### TRY IT
Reproduce, exactly and in full, only the lines below from the one containing "意味不明あだ名 | 『なめこ科かんだん属』『自称かんだん』 |" through the one containing "绿联 UGREEN 移动硬盘盒底座,50740".

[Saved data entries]

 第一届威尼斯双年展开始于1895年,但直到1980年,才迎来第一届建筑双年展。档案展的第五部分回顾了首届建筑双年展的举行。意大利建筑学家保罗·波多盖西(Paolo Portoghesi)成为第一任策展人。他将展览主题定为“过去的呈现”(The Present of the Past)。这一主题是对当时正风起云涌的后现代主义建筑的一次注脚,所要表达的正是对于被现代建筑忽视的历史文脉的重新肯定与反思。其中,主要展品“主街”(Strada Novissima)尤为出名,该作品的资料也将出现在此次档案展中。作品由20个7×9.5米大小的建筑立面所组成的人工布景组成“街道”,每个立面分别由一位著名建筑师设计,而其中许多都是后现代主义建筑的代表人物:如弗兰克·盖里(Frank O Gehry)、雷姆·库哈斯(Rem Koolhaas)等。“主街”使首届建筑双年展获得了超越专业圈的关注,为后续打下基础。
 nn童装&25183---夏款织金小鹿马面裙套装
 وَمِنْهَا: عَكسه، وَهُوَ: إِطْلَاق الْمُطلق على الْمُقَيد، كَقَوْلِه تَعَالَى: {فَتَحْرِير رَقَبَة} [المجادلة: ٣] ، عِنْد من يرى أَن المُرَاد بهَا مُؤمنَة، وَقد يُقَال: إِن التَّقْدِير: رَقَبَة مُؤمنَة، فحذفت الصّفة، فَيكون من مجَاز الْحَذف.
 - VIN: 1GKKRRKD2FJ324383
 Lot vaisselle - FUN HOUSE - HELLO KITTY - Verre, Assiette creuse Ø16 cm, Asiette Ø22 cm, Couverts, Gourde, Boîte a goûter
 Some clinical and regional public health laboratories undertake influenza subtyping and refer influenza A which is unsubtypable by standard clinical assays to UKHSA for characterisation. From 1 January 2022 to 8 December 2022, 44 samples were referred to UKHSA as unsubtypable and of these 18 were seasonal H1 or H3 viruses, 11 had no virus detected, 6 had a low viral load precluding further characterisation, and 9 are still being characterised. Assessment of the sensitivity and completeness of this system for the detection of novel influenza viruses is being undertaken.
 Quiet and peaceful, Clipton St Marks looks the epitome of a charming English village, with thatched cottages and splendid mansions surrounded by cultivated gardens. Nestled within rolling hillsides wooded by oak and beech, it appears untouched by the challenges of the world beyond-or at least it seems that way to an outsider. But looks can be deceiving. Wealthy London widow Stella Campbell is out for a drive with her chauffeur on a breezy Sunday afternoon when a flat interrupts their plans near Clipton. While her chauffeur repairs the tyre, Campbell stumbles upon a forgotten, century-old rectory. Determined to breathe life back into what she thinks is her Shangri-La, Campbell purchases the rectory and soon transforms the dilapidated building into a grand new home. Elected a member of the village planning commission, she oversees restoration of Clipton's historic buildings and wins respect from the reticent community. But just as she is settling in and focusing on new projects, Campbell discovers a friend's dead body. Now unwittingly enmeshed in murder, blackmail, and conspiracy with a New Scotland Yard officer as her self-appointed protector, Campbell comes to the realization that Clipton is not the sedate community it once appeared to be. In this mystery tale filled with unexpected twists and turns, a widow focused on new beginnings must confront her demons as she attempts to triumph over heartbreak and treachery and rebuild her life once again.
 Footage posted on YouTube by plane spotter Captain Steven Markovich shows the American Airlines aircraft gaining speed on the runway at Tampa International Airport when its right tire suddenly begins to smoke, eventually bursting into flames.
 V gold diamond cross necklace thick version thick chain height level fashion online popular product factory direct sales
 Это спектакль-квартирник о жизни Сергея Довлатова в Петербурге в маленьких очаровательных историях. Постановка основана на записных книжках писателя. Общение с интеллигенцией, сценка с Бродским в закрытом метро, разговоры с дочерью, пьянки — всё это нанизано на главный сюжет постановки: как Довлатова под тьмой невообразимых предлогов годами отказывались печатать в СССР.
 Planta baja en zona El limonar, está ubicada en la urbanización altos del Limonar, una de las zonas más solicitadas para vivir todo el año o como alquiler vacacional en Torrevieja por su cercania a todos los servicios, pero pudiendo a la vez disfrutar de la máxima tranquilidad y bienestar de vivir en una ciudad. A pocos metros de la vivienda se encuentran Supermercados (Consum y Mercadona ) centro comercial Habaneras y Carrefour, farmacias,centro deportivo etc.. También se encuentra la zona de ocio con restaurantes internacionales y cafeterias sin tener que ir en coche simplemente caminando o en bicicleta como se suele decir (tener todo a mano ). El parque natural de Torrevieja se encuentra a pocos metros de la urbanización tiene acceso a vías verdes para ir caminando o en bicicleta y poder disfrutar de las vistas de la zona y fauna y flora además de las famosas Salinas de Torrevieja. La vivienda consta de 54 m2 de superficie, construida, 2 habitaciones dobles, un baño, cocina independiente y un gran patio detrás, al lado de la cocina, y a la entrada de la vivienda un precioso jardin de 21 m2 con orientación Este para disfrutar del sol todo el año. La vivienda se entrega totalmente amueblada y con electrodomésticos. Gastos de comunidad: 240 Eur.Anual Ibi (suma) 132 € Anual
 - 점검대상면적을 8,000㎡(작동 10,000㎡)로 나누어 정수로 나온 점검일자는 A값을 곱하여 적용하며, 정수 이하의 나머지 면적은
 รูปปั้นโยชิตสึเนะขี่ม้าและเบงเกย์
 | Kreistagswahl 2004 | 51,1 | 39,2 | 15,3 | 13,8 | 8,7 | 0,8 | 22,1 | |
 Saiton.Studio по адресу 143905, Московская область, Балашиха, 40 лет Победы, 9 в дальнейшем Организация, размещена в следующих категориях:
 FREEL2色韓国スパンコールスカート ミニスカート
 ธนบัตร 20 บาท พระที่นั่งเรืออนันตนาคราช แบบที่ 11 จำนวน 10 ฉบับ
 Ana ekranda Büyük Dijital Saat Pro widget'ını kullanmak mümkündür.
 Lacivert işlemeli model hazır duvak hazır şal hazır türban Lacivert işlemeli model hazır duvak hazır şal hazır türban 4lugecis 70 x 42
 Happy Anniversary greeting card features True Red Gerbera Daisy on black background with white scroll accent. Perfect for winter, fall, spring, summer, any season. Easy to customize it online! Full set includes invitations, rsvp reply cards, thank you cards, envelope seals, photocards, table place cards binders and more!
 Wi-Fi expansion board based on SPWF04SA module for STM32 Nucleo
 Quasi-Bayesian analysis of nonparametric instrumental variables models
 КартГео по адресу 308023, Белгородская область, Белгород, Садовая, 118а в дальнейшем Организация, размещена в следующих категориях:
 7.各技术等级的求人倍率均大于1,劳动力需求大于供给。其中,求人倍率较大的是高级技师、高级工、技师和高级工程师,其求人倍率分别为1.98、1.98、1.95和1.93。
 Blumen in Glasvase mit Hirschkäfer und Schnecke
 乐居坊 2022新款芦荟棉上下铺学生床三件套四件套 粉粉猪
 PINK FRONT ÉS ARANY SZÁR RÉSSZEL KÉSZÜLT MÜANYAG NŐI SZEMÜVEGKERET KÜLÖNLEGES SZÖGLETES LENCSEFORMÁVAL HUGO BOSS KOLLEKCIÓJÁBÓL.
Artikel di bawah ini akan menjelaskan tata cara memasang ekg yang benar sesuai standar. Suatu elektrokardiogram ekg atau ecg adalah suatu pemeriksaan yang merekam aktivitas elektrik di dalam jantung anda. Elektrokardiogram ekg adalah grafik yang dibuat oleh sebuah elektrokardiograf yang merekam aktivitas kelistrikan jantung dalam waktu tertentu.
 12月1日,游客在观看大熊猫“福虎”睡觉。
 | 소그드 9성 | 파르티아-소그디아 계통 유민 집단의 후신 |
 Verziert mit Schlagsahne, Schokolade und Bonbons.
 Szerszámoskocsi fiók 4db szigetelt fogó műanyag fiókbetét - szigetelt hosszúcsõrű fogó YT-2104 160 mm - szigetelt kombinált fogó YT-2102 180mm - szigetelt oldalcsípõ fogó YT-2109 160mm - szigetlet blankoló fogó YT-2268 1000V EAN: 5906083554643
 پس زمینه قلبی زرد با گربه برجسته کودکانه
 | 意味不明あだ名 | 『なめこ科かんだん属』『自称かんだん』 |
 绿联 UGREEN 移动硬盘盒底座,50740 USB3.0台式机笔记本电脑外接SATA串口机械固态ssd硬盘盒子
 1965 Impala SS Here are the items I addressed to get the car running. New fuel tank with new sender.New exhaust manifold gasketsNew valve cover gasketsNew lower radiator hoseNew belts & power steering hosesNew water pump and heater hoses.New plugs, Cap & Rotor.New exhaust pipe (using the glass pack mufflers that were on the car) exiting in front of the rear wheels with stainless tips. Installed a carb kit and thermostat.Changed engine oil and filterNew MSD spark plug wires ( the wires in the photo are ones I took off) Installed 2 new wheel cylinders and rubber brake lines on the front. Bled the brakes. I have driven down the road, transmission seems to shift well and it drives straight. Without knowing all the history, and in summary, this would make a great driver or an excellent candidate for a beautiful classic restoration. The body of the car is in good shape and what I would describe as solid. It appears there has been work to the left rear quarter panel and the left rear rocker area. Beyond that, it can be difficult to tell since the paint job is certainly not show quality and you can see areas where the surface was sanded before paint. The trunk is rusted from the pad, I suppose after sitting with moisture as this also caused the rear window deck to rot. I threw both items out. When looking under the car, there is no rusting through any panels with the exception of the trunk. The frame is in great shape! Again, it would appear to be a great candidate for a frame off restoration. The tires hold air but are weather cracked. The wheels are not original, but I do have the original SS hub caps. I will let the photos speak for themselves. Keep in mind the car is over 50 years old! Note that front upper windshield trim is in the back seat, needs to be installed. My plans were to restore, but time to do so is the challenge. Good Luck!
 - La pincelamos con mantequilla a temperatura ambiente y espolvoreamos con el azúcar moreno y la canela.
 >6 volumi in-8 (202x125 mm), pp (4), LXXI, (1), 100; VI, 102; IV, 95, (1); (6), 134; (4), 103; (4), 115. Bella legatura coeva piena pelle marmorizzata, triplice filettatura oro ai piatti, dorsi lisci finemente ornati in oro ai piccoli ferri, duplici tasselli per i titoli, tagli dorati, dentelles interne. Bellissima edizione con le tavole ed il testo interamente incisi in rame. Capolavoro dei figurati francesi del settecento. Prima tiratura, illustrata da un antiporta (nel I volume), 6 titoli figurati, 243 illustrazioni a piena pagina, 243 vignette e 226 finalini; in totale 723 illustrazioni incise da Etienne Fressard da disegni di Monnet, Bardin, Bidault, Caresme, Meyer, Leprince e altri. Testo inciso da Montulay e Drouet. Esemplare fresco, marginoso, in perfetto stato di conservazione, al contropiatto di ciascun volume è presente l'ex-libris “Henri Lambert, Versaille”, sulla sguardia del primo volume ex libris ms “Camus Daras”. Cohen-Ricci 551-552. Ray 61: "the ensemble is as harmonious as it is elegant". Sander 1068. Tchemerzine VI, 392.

### ANSWER SPACE
 | 意味不明あだ名 | 『なめこ科かんだん属』『自称かんだん』 |
 绿联 UGREEN 移动硬盘盒底座,50740 USB3.0台式机笔记本电脑外接SATA串口机械固态ssd硬盘盒子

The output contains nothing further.